To use the normal approximation, we need to calculate the mean (μ) and the standard deviation (σ) of the binomial distribution.
The mean is given by μ = n * p = 300 * 0.96 = 288.
The standard deviation is given by σ = sqrt(n * p * (1-p)) = sqrt(300 * 0.96 * 0.04) = sqrt(11.52) ≈ 3.39.
Using these values, we can approximate P(X>=280) using the normal distribution.
P(X>=280) = 1 - P(X<280) ≈ 1 - P(Z<(279-288)/3.39)
In the equation above, Z is a standard normal variable (mean = 0, standard deviation = 1).
Now, we can use a standard normal distribution table or a calculator to find P(Z<(279-288)/3.39) and subtract that value from 1 to get the approximate probability.
Comparing the exact probability from the binomial distribution with the approximate probability from the normal distribution will allow us to see how well the normal approximation fits the binomial distribution in this case.
To solve this problem, we will use the binomial distribution to find the exact probability and then compare it with the normal approximation to the binomial.

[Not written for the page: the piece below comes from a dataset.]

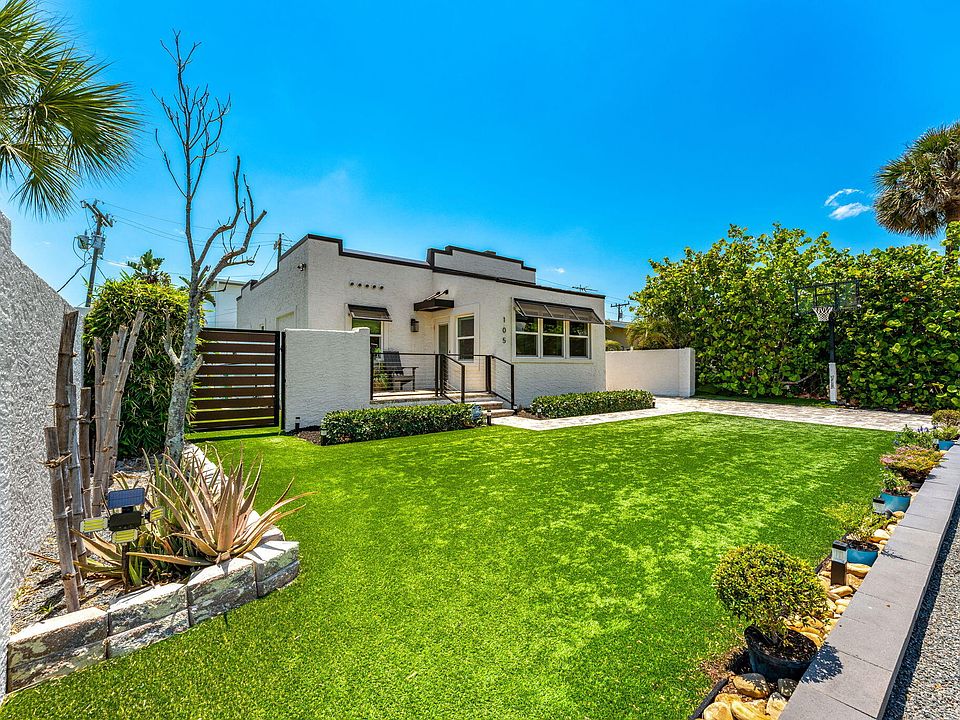 Welcome to, ''Florblanca'', the 1st house from the beach where the charm of a California beach bungalow meets the bliss of ocean living. In 2021, this home underwent a complete renovation all while preserving its charming exterior and enhancing it with modern touches. The interior was taken down to the studs & boasts new windows, roof, AC's and water heaters. The main residence features an open, sunlit floor plan with two cozy bedrooms, two full baths & a large laundry room. The detached air-conditioned garage/casita includes a full bath & is plumbed for a kitchenette.The extended driveway is ideal for boat/RV parking.Enjoy the maintenance-free landscaping featuring artificial turf & a putting green. No HOA! Located directly across from the beach & Nance Park, you're perfectly placed to dive into local events, & walk to nearby cafes, shops, fitness centers & A-rated schools.Come & experience the simple, serene Florida lifestyle in the heart of Indialantic at ''Florblanca''
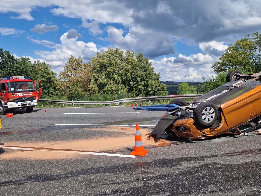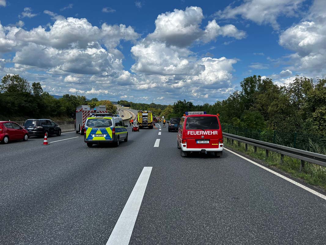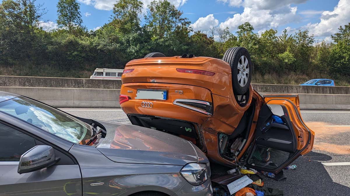 Aufgrund eines vorausgegangenen Unfalls und des noch andauernd Staus wegen des mittlerweile gelöschten Sattelaufliegers sowie nicht angepasster Geschwindigkeit, übersah ein Audifahrer einen stehenden Mercedes in Höhe des Parkplatzes Quillerwald. Der Audi überschlug sich bei dem Aufprall. Ersthelfer hatten die Insassen bei Eintreffen des Rettungsdienstes bereits befreit. Rettungsteams brachten sie nach ihrer medizinischen Erstversorgung in umliegende Krankenhäuser. Die Verletzungen der beiden Fahrzeuginsassen sollen nicht lebensbedrohlich sein. (wal)

The binomial distribution is used when we have a fixed number of independent trials, with each trial having the same probability of success. In this case, each reservation can be considered as a trial, and the probability of a reservation being cancelled is given as 4%.
The binomial distribution is defined by two parameters: the number of trials (n) and the probability of success (p). In our case, the number of trials is 300 (the number of rooms) and the probability of success is 0.04 (the probability of a cancellation).
To find the probability that at least 280 rooms will be occupied, we need to calculate the cumulative probability from 280 to 300 using the binomial distribution.
P(X ≥ 280) = P(X = 280) + P(X = 281) + ... + P(X = 300)
Where X is the random variable representing the number of occupied rooms.
To calculate each individual probability, we can use the binomial probability formula:
P(X = k) = (n choose k) * p^k * (1-p)^(n-k)
Where (n choose k) represents the number of combinations of n items taken k at a time.
Using this formula, we can find the exact probability.
Now let's calculate the exact probability using the binomial distribution.
P(X = 280) = (300 choose 280) * 0.04^280 * (1-0.04)^(300-280)
P(X = 281) = (300 choose 281) * 0.04^281 * (1-0.04)^(300-281)
...
P(X = 300) = (300 choose 300) * 0.04^300 * (1-0.04)^(300-300)
Then, sum up all these probabilities to find P(X ≥ 280).
Now, let's calculate the normal approximation to the binomial.
The normal approximation to the binomial distribution uses the mean (μ) and standard deviation (σ) of a normal distribution, which are given by:
μ = n * p
σ = sqrt(n * p * (1-p))
In our case, μ = 300 * 0.04 = 12 and σ = sqrt(300 * 0.04 * 0.96) ≈ 3.096.
To approximate the probability P(X ≥ 280) using the normal distribution, we can use the cumulative distribution function (CDF) of the normal distribution.
P(X ≥ 280) ≈ 1 - P(Z < (280 - μ)/σ)
Where Z is a standard normal random variable.
Now, let's calculate both the exact probability using the binomial distribution and the approximate probability using the normal distribution, and compare the results.